#### Exercise objective:
Using the material below, print a verbatim copy of every line from the one containing "Магазин женской одежды" through the one containing "まず、図1から、西の空に見え", inclusive, and omit the pictures.

(Dataset extract Opens)

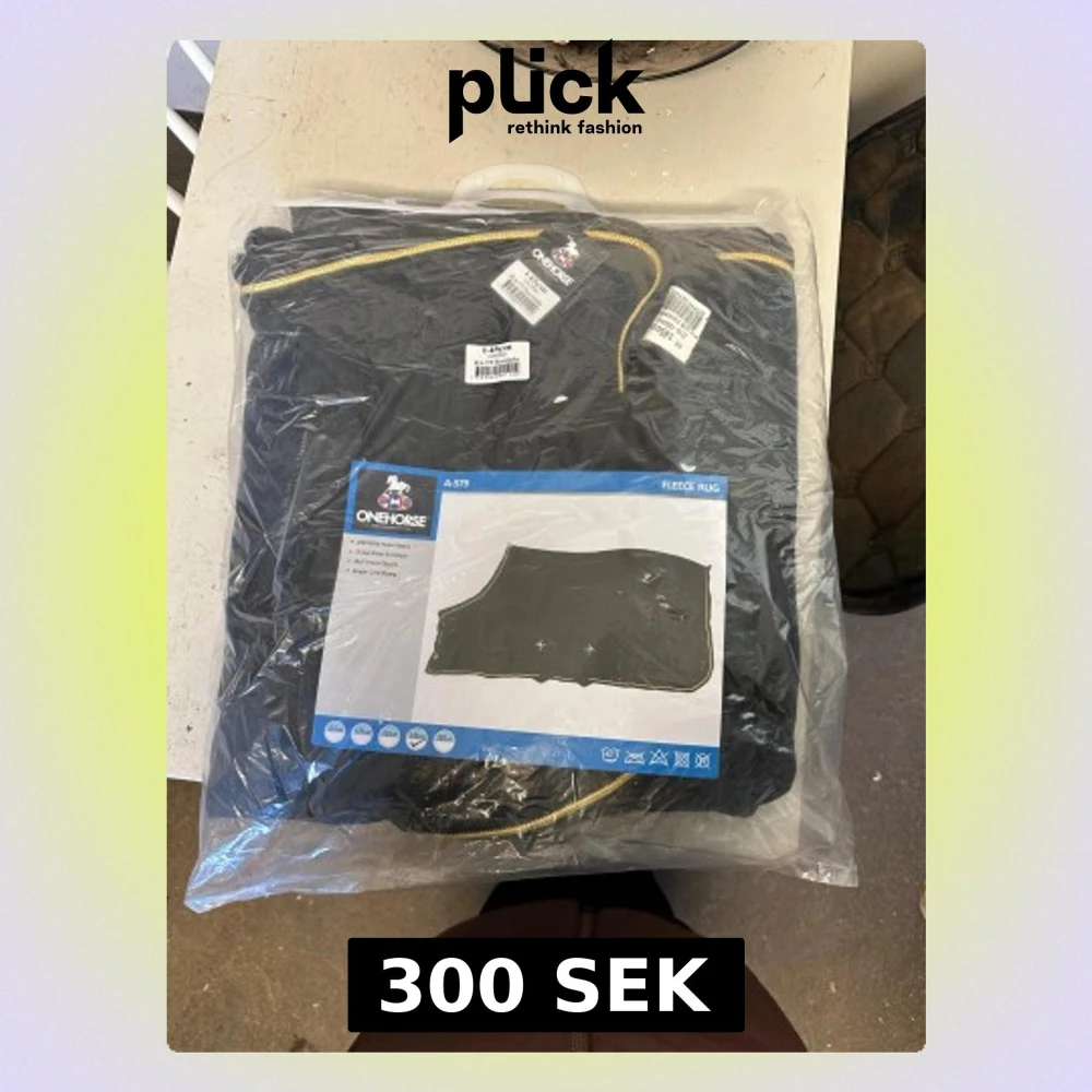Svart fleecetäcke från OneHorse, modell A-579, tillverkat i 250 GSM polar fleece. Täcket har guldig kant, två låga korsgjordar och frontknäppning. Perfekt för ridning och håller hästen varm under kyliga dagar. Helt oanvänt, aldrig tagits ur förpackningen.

(Dataset extract Closes)
(Dataset extract Opens)

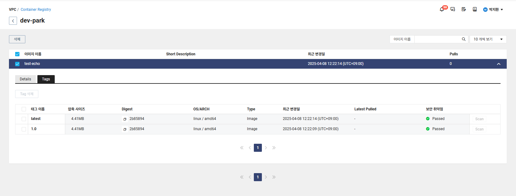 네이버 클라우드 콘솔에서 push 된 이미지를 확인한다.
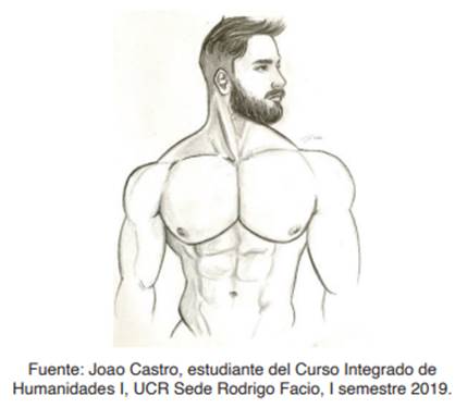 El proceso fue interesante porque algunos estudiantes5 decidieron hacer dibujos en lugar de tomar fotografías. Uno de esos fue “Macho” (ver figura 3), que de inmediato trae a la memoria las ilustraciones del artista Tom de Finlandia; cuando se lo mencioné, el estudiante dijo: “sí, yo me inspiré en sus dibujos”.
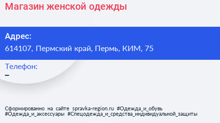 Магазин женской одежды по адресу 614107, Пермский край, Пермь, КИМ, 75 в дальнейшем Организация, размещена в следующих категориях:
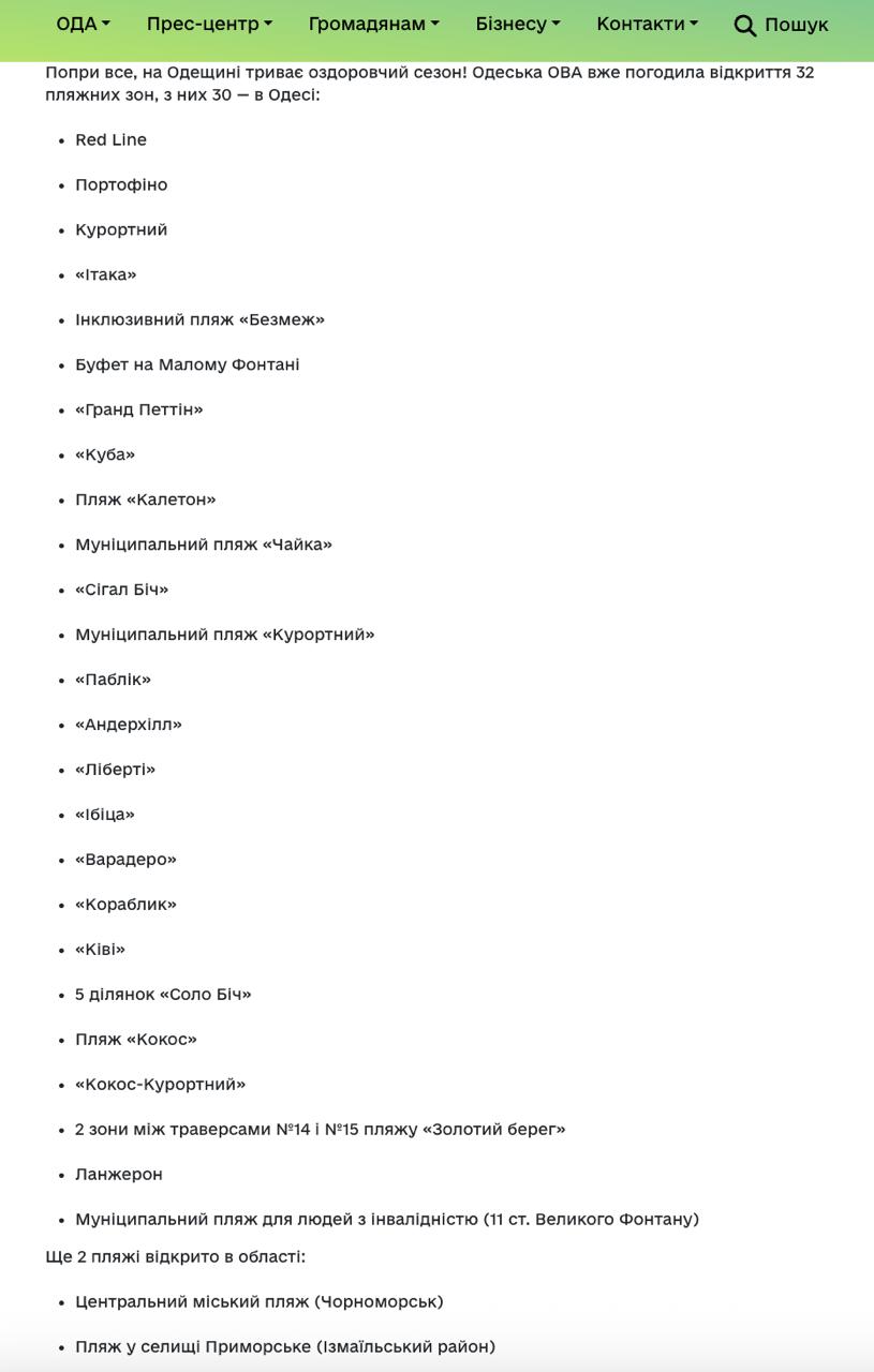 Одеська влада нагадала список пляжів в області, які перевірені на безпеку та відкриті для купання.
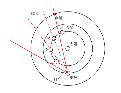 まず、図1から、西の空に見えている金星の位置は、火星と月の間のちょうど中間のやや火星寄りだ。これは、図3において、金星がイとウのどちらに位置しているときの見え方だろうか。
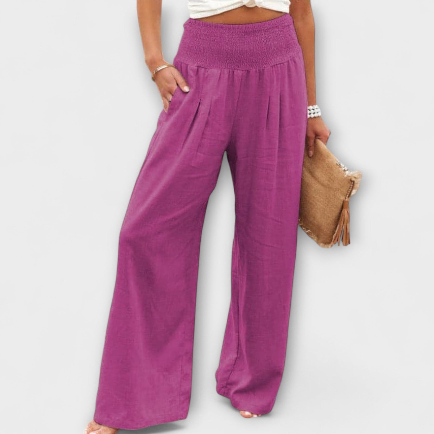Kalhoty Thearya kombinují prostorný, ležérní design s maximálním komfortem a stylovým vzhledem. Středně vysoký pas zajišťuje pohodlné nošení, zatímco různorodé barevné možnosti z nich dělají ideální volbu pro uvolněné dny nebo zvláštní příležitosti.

(Dataset extract Closes)

#### Reply:
 Магазин женской одежды по адресу 614107, Пермский край, Пермь, КИМ, 75 в дальнейшем Организация, размещена в следующих категориях:
 Одеська влада нагадала список пляжів в області, які перевірені на безпеку та відкриті для купання.
 まず、図1から、西の空に見えている金星の位置は、火星と月の間のちょうど中間のやや火星寄りだ。これは、図3において、金星がイとウのどちらに位置しているときの見え方だろうか。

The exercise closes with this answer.